Visitors will go through heavy security to ensure that recording devices aren’t smuggled in; as an extra precaution, they’ll likely have to listen to the 128-minute album’s 31 songs on headphones provided by the venue. As Cilvaringz puts it: “One leak of this thing nullifies the entire concept.”
Though no exhibition dates have been finalized, Cilvaringz says Wu-Tang has been in discussions with a bevy of possible locations, including the Tate Modern (a representative from the institution did not respond to a request for comment). Other venues, including art galleries and listening tents at music festivals, could eventually round out the tour. (emphasis added)
I wonder if any Texas art museums are among the “bevy of possible locations.” If so, they should encourage Wu-Tang to go the festival-tent route instead. My problem isn’t with the musicians’ desire to have their work considered in a museum setting; it’s with their desire to charge museumgoers even more than they’d pay to see the priciest Impressionist shows. And with their plan to impose more security restrictions than visitors face to spend time with masterpieces hundreds, even thousands of years old, and to put museums in the position of policing the band’s copyright. Which, if you think about it, undermines the band’s claim to the singularity of this release. If someone surreptitiously snaps a photo of a Pollock, that hardly “nullifies the entire concept.” Dario Robleto let Yo La Tengo use an image of his sculpture At War With the Entropy of Nature / Ghosts Don’t Always Want to Come Back (2002) on one of their album covers. Does that nullify the entire concept of his sculpture, or its value as an original artwork?

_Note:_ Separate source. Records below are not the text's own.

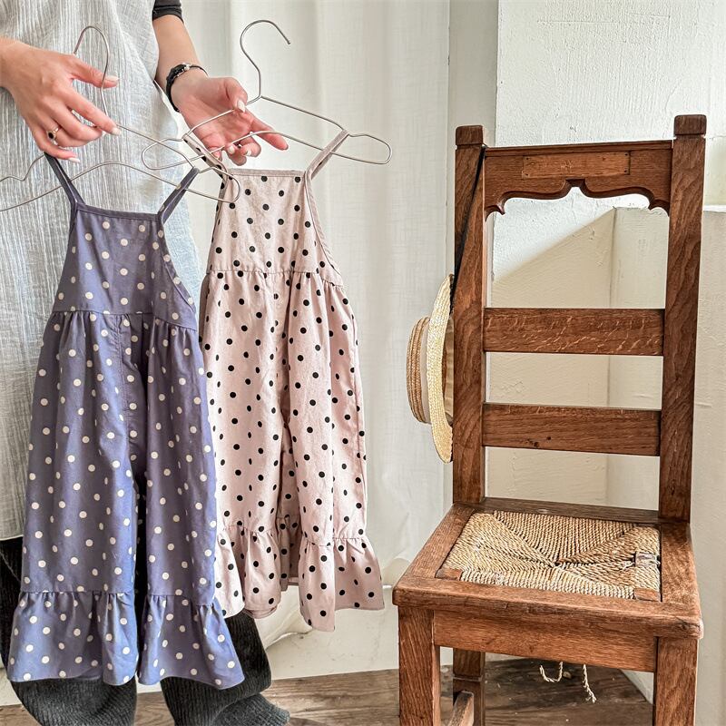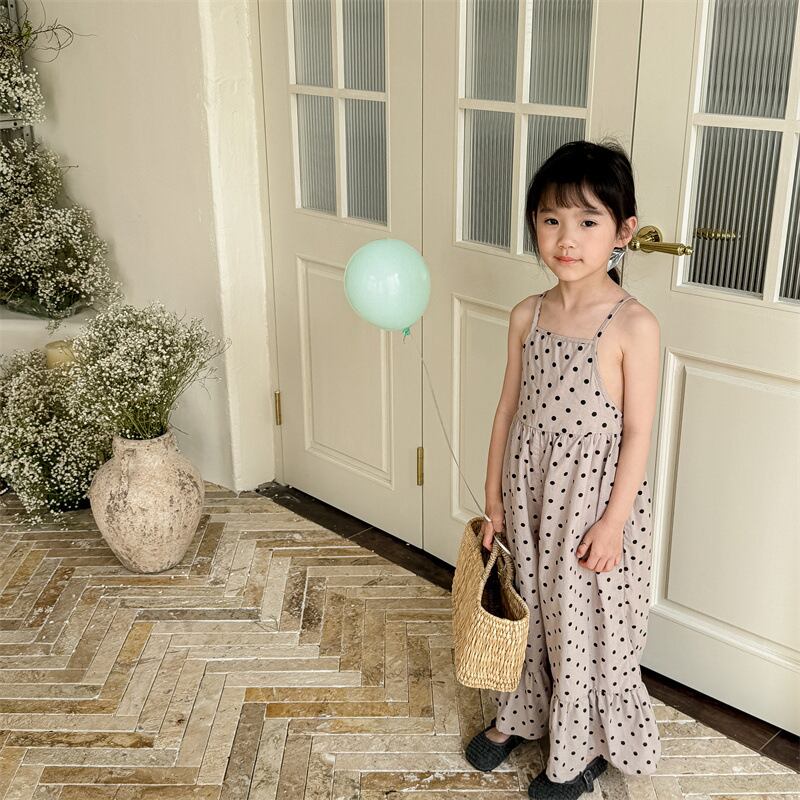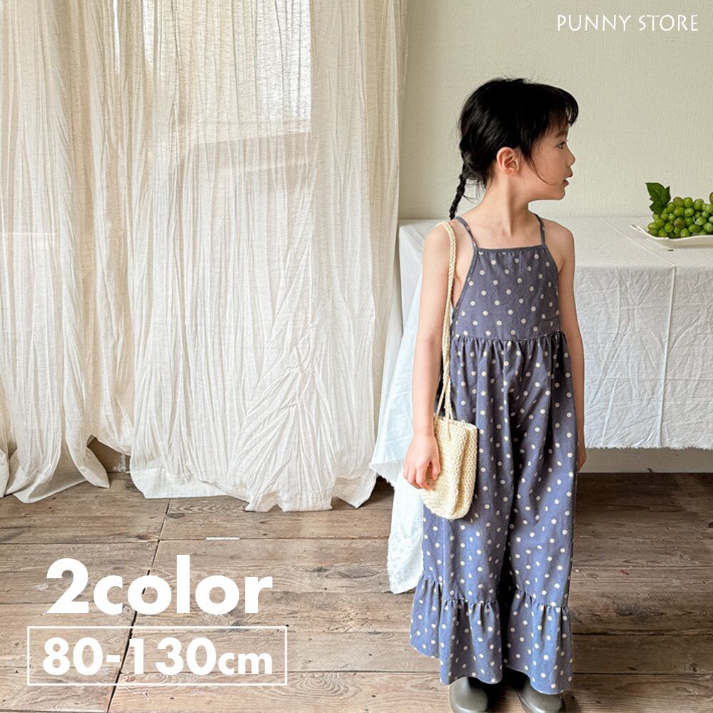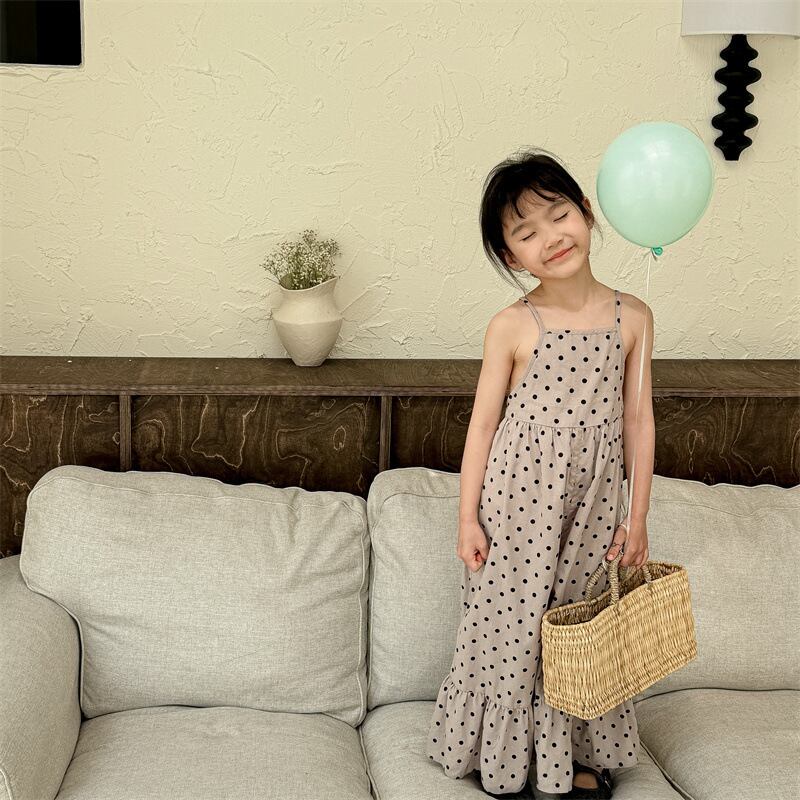 《取寄》 水玉オールインワン (全2色) ADBB 2024夏 韓国子供服 キャミソールジャンプスーツ サロペット ドット フレアパンツ 女の子
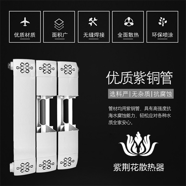 散熱器廠家紫荊花小編為大家分享一下: 1、經(jīng)濟性與裝飾性 由于銅、鋁的導(dǎo)熱性能非常好,故銅鋁復(fù)合暖氣片的散熱能力遠遠高于其它材料的暖氣片,其熱價比也遠高于其他材料的暖氣片。又由于銅、鋁均屬于有色金屬,它的價值是隨著時間而增長的,所以銅鋁復(fù)合暖氣片的保值率也遠高于其他材質(zhì)的暖氣片。 2、綜合機械性能 銅鋁型材以其強度高、水密性及氣密性好、導(dǎo)熱好、外觀精美、加工簡便在我國建筑業(yè)被廣泛應(yīng)用。尤其是其導(dǎo)熱性好的優(yōu)點近年來已被眾多暖氣片廠家重視。
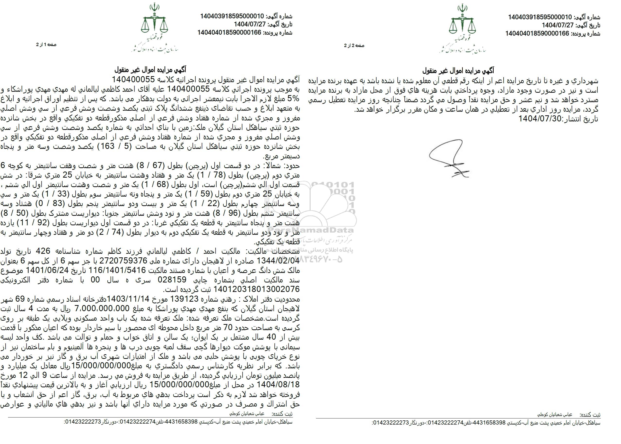 به موجب پرونده اجرائي كلاسه 140400055 علیه آقای احمد کاظمي ليالمانی له مهدی مهدی پوراشكاء و %5% مبلغ لازم الاجرا بابت نیم عشر اجرائی به دولت بدهکار میباشد که پس از تنظیم اوراق اجرائیه و ابلاغ به متعهد ابلاغ و حسب تقاضای ذینفع ششدانگ پلاک ثبتی یکصد و شصت و شش فرعی از سی وشش اصلی مفرور و مجری شده از شماره هفتاد و شش فرعی از اصلی مذکور قطعه دو تفكيكی واقع در بخش شانزده حوزه ثبتی سياهکل استان گیلان ملک زمین با بنای احداثی به شماره یکصد و شصت و شش فرعی از سی و شش اصلی مفروز و مجزی شده از شماره هفتاد و شش فرعی از اصلی مذکور قطعه دو تفکیکی واقع در بخش شانزده حوزه ثبتی سياهکل استان گیلان به مساحت 163.5 يكصد و شصت و سه متر و پنجاه دسیمتر مربع.
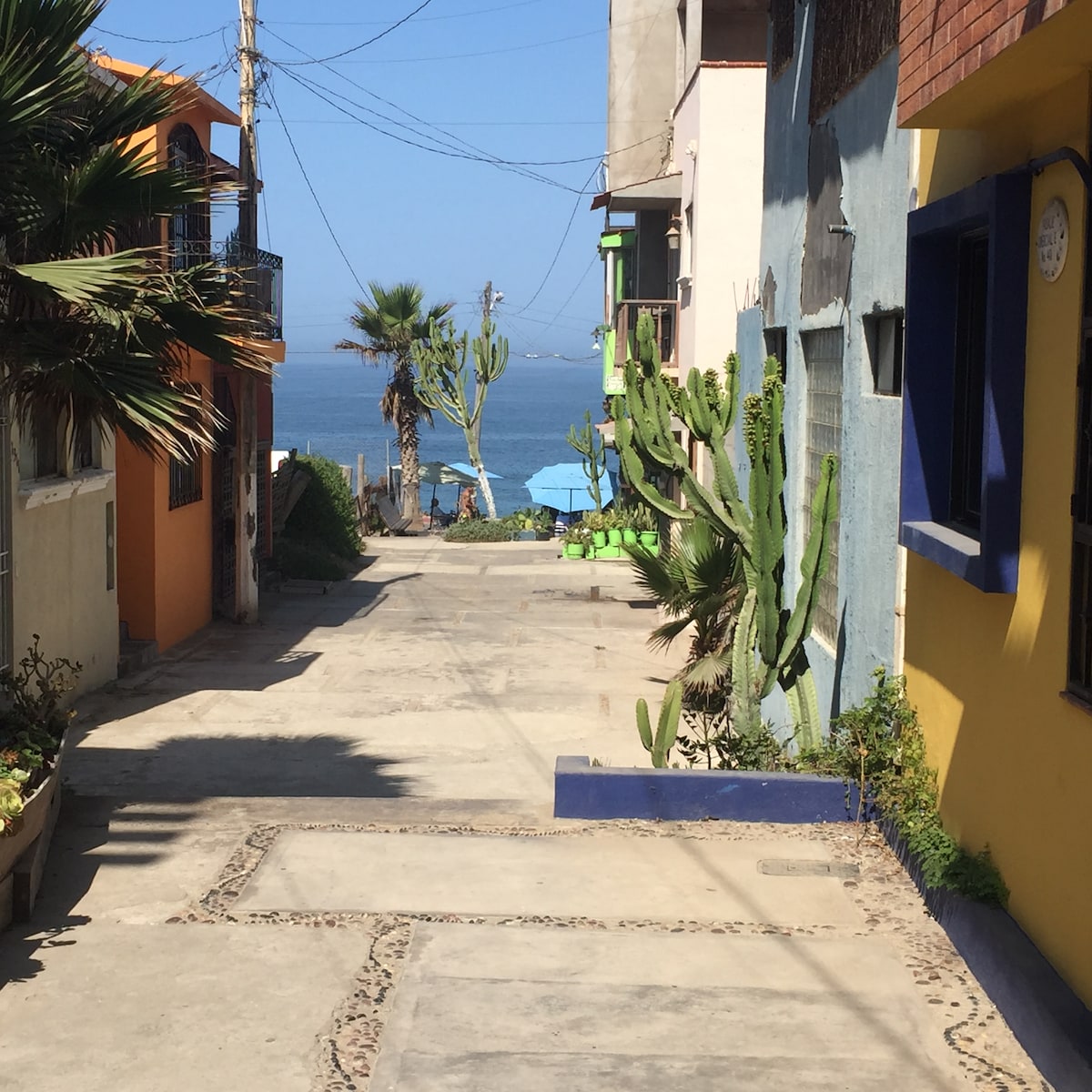 Przestronny apartament typu studio w wielopoziomowym domu na plaży w San Antonio Del Mar, 3 przecznice od plaży. Wewnątrz salon, kuchnia i pralnia. Jadalnia dla 4 osób, prywatny taras z dodatkową jadalnią i wspólny taras na dachu z grillem, paleniskiem i wspaniałym widokiem na ocean. Piękne akcenty artystyczne; niestandardowe kute żelazko, tętniące życiem mural. koegzystencja miejska. Bezpieczna i ogrodzona społeczność, ochrona 24/7, wspólne baseny, korty tenisowe i park z placem zabaw. Szybkie Wi-Fi. Miejsce dla 4 osób.
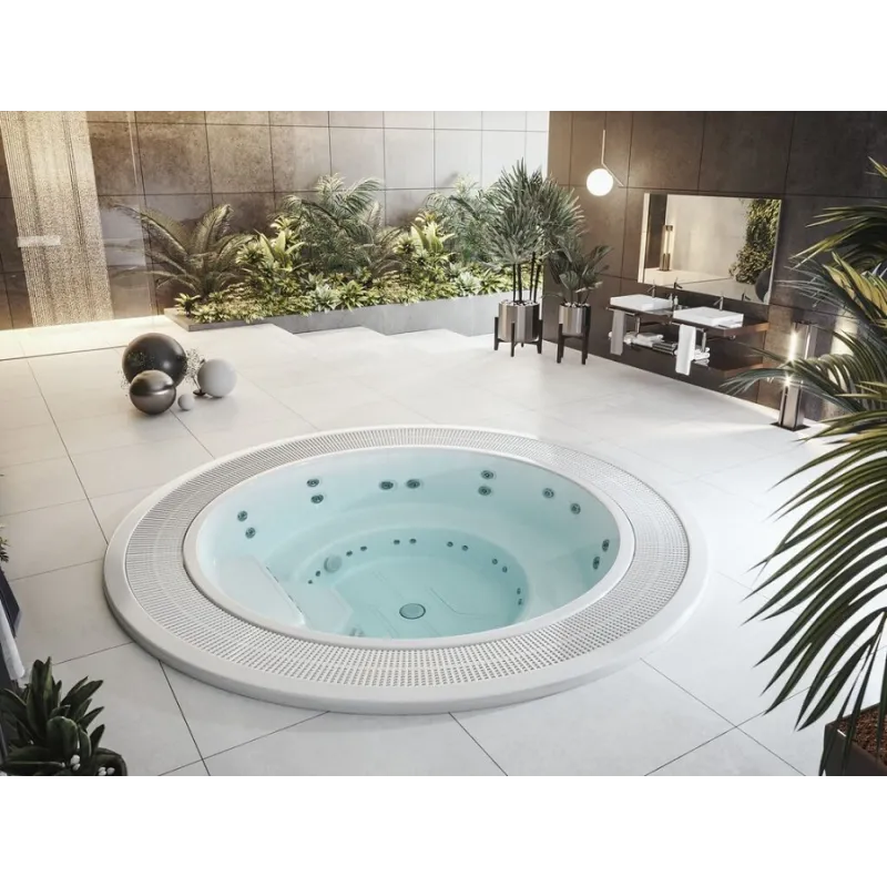 Duża wanna SPA z rynną przelewową ROMA gwarantuje wyjątkowe doznania nawet dla dziewięciu osób jednocześnie. W przypadku każdego stanowiska zaprojektowano indywidualnie dostosowany hydromasaż. Wanna zapewnia maksymalny komfort i wygodę użytkowania. Ponadczasowy okrągły kształt doskonale komponuje się z każdą aranżacją.

“The idea that music is art has been something we advocated for years,” RZA says in the Forbes story. “And yet its doesn’t receive the same treatment as art in the sense of the value of what it is, especially nowadays when it’s been devalued and diminished to almost the point that it has to be given away for free.”
Ah, but museums like the Menil Collection, Kimbell Art Museum, the Dallas Museum of Art, etc., are the places where we demonstrate the value of art precisely by giving away the chance to experience it in person. Even museums that have maintained the unfortunate practice of charging admission have free days, and their most high-priced special exhibitions are still more affordable that what Wu-Tang wants to charge. If Wu-Tang doesn’t value its art enough to give it away, a museum is the last place this tour should stop. Museum directors should take their cue on this one from Saint Anthony Abbot in Fra Angelico’s painting at the Museum of Fine Arts, Houston and shun whatever mass of gold Wu-Tang offers them. I’d recommend standing in front of the actual painting for inspiration, but it’s not on view. The MFAH removed it, along with most of its pre-1800 European collection, to make way for a $23-a-head Impressionist show.